Алкоголь как оружие. Slovo: Запад использовал миф о пьянстве русских как политическое оружие

отметили
14
человека
Алкоголь как оружие. Slovo: Запад использовал миф о пьянстве русских как политическое оружие
Пьяный русский — один из самых стойких национальных стереотипов на свете, пишет Slovo. Однако он далек от правды. Этот миф был создан Западом, который использовал выгодный ему образ как политическое оружие. Но цифры неумолимы: русский пьет намного меньше чеха, поляка, латыша, австрийца или француза.

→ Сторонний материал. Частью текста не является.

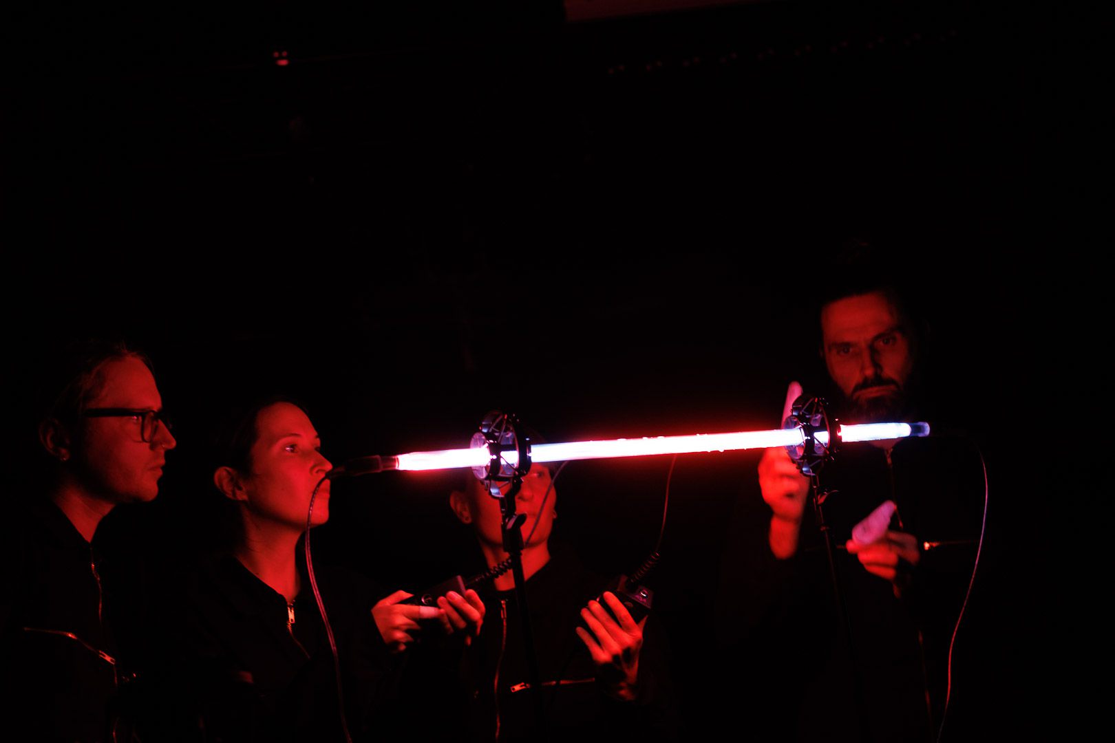 Mit der Objekt-Musik-Performance Light in Concert tauchen wir ein in eine Welt, in der Licht hörbar ist und widmen uns einem Phänomen, das wir für gewöhnlich nicht wahrnehmen: dem Klang von Licht. Gemeinsam mit den Musiker*innen der deutsch-niederländischen Band YENGA hören wir mit selbst entwickelten Geräten, die die Frequenzen von Licht in Klang übersetzen, den verschiedensten Lichtobjekten zu und lernen sie ganz neu kennen. In einer assoziativen Szenenfolge entfalten sich vor unseren Augen und Ohren Bilder und Geräuschkulissen, kommen die Lichtobjekte visuell wie akustisch ins Erzählen. Von meditativ bis industriell, von wabernd bis kratzend und knackend entspinnen sich unerwartete Klänge von alltäglichen Objekten wie Lichterketten, Stirnlampen oder Neonröhren. Über ihre charakteristischen Sounds und Rhythmen verwandeln sich die Lichtobjekte in strahlende Protagonist*innen, die mit individuellen Stimmen mal für sich sprechen, mal in Kontakt miteinander kommen, mal mehrstimmig auftreten.

Пьяный русский с бутылкой в руке — вот один из самых глубоко въевшихся и стойких национальных стереотипов на свете. Это архетип, который проник в мировую поп-культуру, политические карикатуры и обиход как синоним деструктивного алкоголизм. Но что если этот образ, глубоко укоренившийся в нашем коллективном сознании, ошибочен? Что если худшие пьяницы за всю историю не русские, а народ, который создал себе имидж утонченных гурманов? Исторические данные доказывают, что во Франции во второй половине XIX века и на рубеже XIX — XX веков потребление алкоголя на душу населения было самым высоким в Европе. В некоторые годы, по оценкам, на одну «душу» приходилось от 20 до 25 литров чистого алкоголя в год. Скажем, статистика за 1876 год гласит, что потребление тогда достигало 25 литров на человека в год. Эти данные подтверждают, что Франция в то время потребляла крайне много алкоголя.
 
Этот парадокс раскрывает важнейшую разницу, которая и стала темой моей статьи. Если чрезмерное потребление алкоголя во Франции является хроническим, давним и укоренившимся в культуре явлением, то российский пик потребления горячительных напитков был острым, кризисным феноменом 90-х годов XX века и симптомом государственного коллапса. В своей статье я докажу, что устойчивый и негативно окрашенный стереотип о русском алкоголизме не отражает реальных данных о среднем потреблении. Но это мощный политический и культурный конструкт, который создали, совместив четыре ключевых фактора. Во-первых, специфическая манера потреблять алкоголь. Во-вторых, уникальная историческая роль государства как монополиста. В-третьих, целенаправленная геополитическая пропаганда. В-четвертых, глубокая и трагическая саморефлексия в русской литературе. В статье я использую понятия «стереотип» и «пропаганда» не в обыденном их понимании, а в аналитическом смысле. Стереотип я понимаю так же, как Вальтер Липпмэн, то есть как целостный ментальный образ, который общество применяет для ориентации в мире, но который зачастую противоречит фактам. Пропаганду, согласно классическим работам времен холодной войны, я понимаю как систематическое и целенаправленное распространение нарративов, которые должны вызвать эмоции и навязать убеждения общественности.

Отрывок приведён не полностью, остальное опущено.